Figure 1: structures of Ribonucleosides Supported by Glen Research
RNA methylation occurs in a large selection of RNA nucleosides and this post transcriptional modification of RNA, carried out by a variety of RNA methyltransferases, appears in a wide variety of RNA species - including tRNA, but also mRNA, miRNA and RNA viruses. The most common methylated ribonucleoside in eukaryotes is N6-methyladenosine (m6A). In an earlier Glen Report 26.2, page 1, Qing Dai and Chuan He of the University of Chicago discussed the recent finding that the behavior of m6A offers an example of reversible RNA methylation with a significant role as an epigenetic modification.1 In this article, we will focus on the role of methylated ribonucleosides in tRNA and mRNA.
A recent review2 reveals that over 90 methylated nucleosides have been found in tRNA and that these play a significant role in the stabilization of tRNA structure, reinforcement of the codon-anticodon interaction, regulation of wobble base pairing, and prevention of frameshift errors. In addition, methylation appears to mark the tRNA as mature, preventing its degradation as well as directing localization within the cell.

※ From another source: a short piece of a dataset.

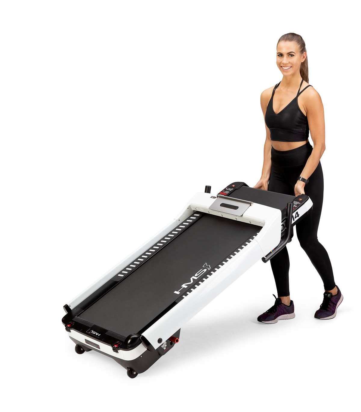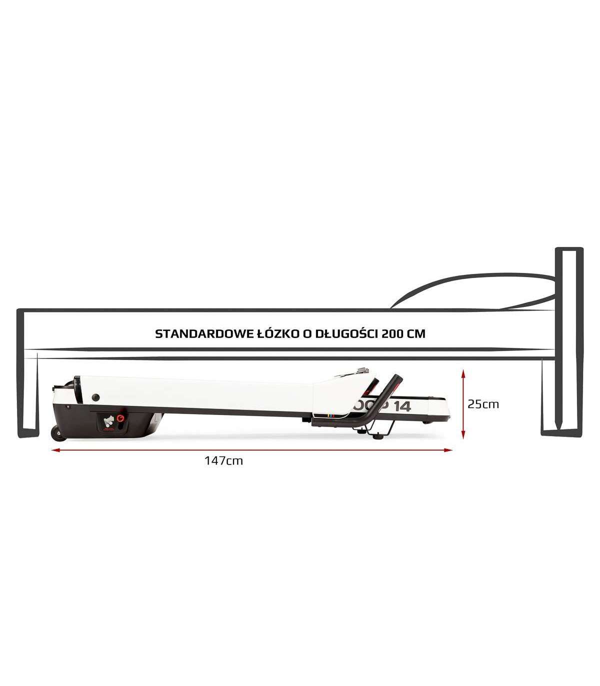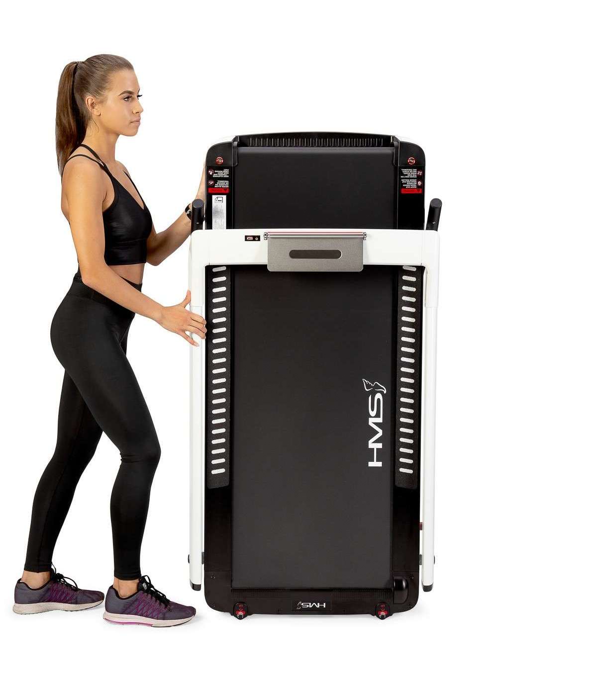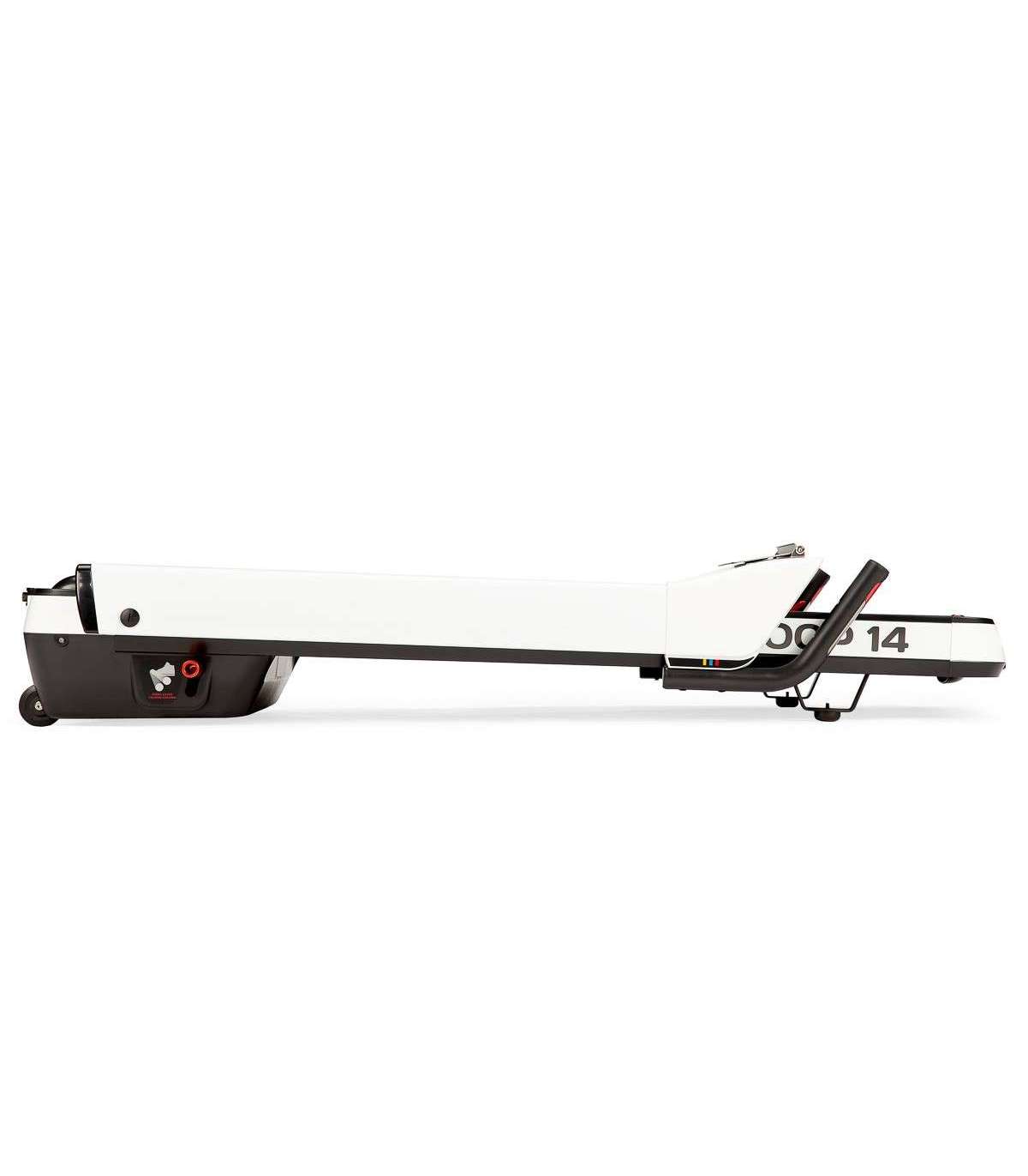 Дополнительным преимуществом беговой дорожки является её размер, так как модель LOOP14 занимает немного места благодаря складывающемуся поручню. Поручень складывается автоматически после освобождения замка и лёгкого нажатия. Механизм блокировки находится внизу беговой дорожки, так что вы можете удобно освободить замок, нажав на него ногой. Перемещение устройства также не будет проблемой: благодаря установленным транспортным колесам мы можем перемещать беговую дорожку вертикально и горизонтально без особых усилий. С этой беговой дорожкой вы можете тренироваться где и когда хотите, не беспокоясь о нехватке пространства или неудобстве transporta. LOOP14 адаптируется к вашим потребностям и условиям.

Ever since it was discovered3 that injecting mRNA directly into mouse skeletal muscle led to the expression of the encoded protein, there has been great interest in using mRNA as a therapeutic species. However, the cell's innate immune response, designed to detect the foreign RNA of viruses, can be activated after mRNA delivery, leading to the shutdown of protein translation and ultimately, cell death. It was found, however, that some nucleobase modifications can greatly enhance the properties of mRNA by reducing immunogenicity and increasing stability. Specifically, mRNA modified with pseudouridine (Ψ) alone, or in combination with 5-methylcytidine (5-Me-C), significantly increased translation levels. When Ψ was substituted with 1-methylpseudouridine (1-Me-Ψ), even higher levels of protein expression were observed.4
Further studies showed5 that mRNA containing 1-Me-Ψ alone, or in combination with 5-Me-C, outperformed the equivalent Ψ and/or 5-Me-C mRNA by providing higher reporter gene expression upon transfection into cell lines and mice. It was shown that 1-Me-Ψ/5-Me-C modified mRNA resulted in reduced intracellular innate immunogenicity and improved cellular viability upon in vitro transfection.5
We take this opportunity to introduce 1-Me-Ψ to our catalog of RNA minor bases. 1-Me-Pseudouridine Phosphoramidite is fully compatible with standard RNA synthesis conditions. Similarly, with no protecting groups to be removed, oligo deprotection can be carried out under standard conditions, including our preferred deprotection with AMA at 65°C for 10 minutes.
All of the RNA minor bases shown in Figure 1 are available from Glen Research as phosphoramidites. In future, we will continue our introduction of minor bases involved in RNA epigenetics and methylated RNA in the hope and expectation that their availability as phosphoramidites will act as a catalyst to promote these exciting research activities.
Figure 2: Structure of 1-Me-Pseudouridine
1. Y. Fu, D. Dominissini, G. Rechavi, and C. He, Nat Rev Genet, 2014, 15, 293-306.
2. H. Hori, Front Genet, 2014, 5, 144.
3. J.A. Wolff, et al., Science, 1990, 247, 1465-8.
4. D. Weissman, Expert Rev Vaccines, 2015, 14, 265-81.
5. O. Andries, et al., J Control Release, 2015, 217, 337-44.